ZRP has a role in Zimbabwe’s socio-economic growth – Commissioner General
Zimbabwe’s police force has in recent years acquired a bad reputation linked to alleged brutality and corruption. This reputation has had adverse effects on its public perception with the Southern African country being ranked 160 out of 175 countries in the 2019 Corruption Perceptions Index. Resultantly, The Zimbabwe Republic Police has been on a rebranding exercise which is aimed at transforming the organisation’s public perception.
ZRP’S image has really been under scrutiny for the public and different institutions, one of them being the Media institute of southern Africa (MISA), petitioned the Zimbabwe Republic Police in April following the firing of teargas canisters by the police into the offices of online publication 263Chat in Harare.
This bad reputation had spread even internationally as witnessed by a travel review website called Trip Advisor. Some of the comments on that site about Zimbabwe’s traffic police are not pleasing and paint a very bad picture for our tourism sector and therefore necessitate not only rebranding but an attitudinal change.
Officially opening a rebranding refresher training for Assistant inspectors at Morris Depot on Tuesday 05 November 2019. Commissioner-General, in a speech read on his behalf by the Deputy Commissioner General Ngirande, said that “the organization’s objective is to critically introspect, strategise and align its services to the provisions of the constitution and more importantly to the expectations of the citizenry. We have a role as a police service of guaranteeing an environment that is conducive for socio-economic growth.”

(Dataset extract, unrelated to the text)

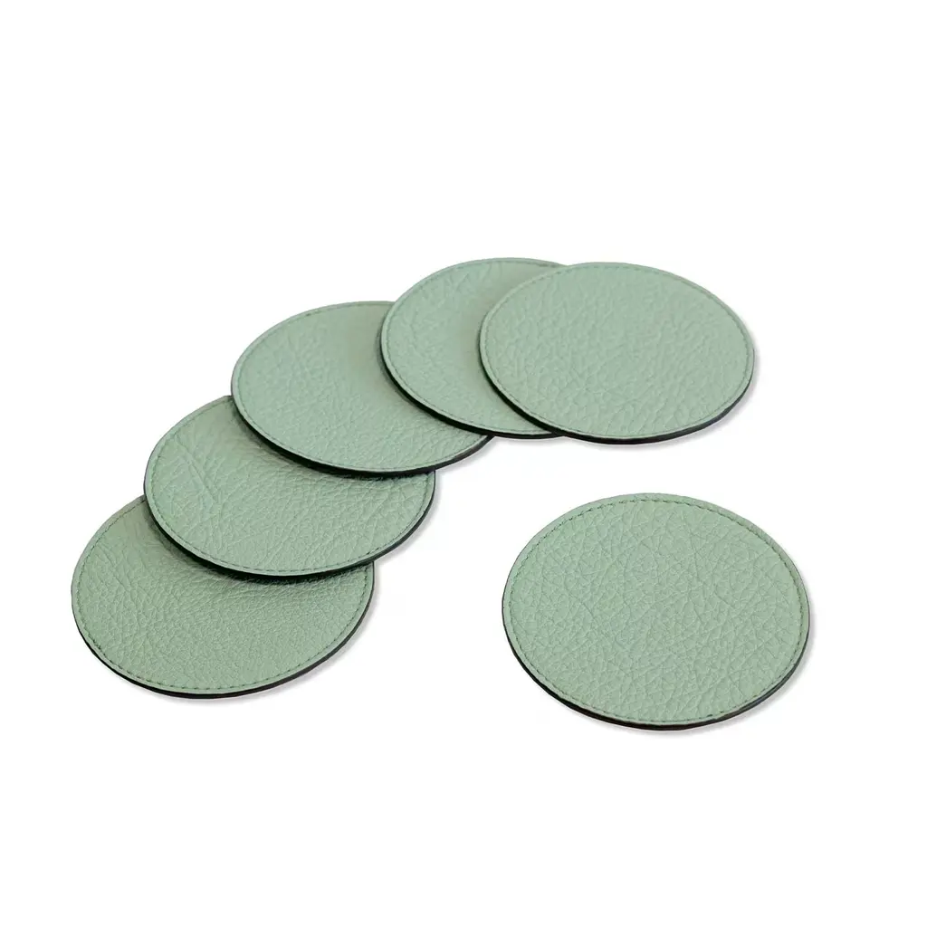 This smeralda green set of six coasters is made from genuine soft leather. It offers both style and functionality. Available also in other fourteen available colors to suit many preferences, please contact the Concierge for more information.

The trainees comprised sixty-one male and thirty-nine female participants making a total of one hundred Assistant Inspectors. Some of the training areas include criminal records management, traffic enforcement, human rights and policing and drug trafficking and trafficking in persons.
“As Members-in-Charge operations and crime, I cannot overemphasize the responsibilities you have. Indeed your subordinates look up to you for guidance while the public expects you to give them a superior service”.
“Let me highlight that as Command, we are aware of the operational and administrative challenges you are facing in your day to to day duties. Be informed that the government is working flat out to mitigate the challenges through resourcing the organisation,” said the police Chief.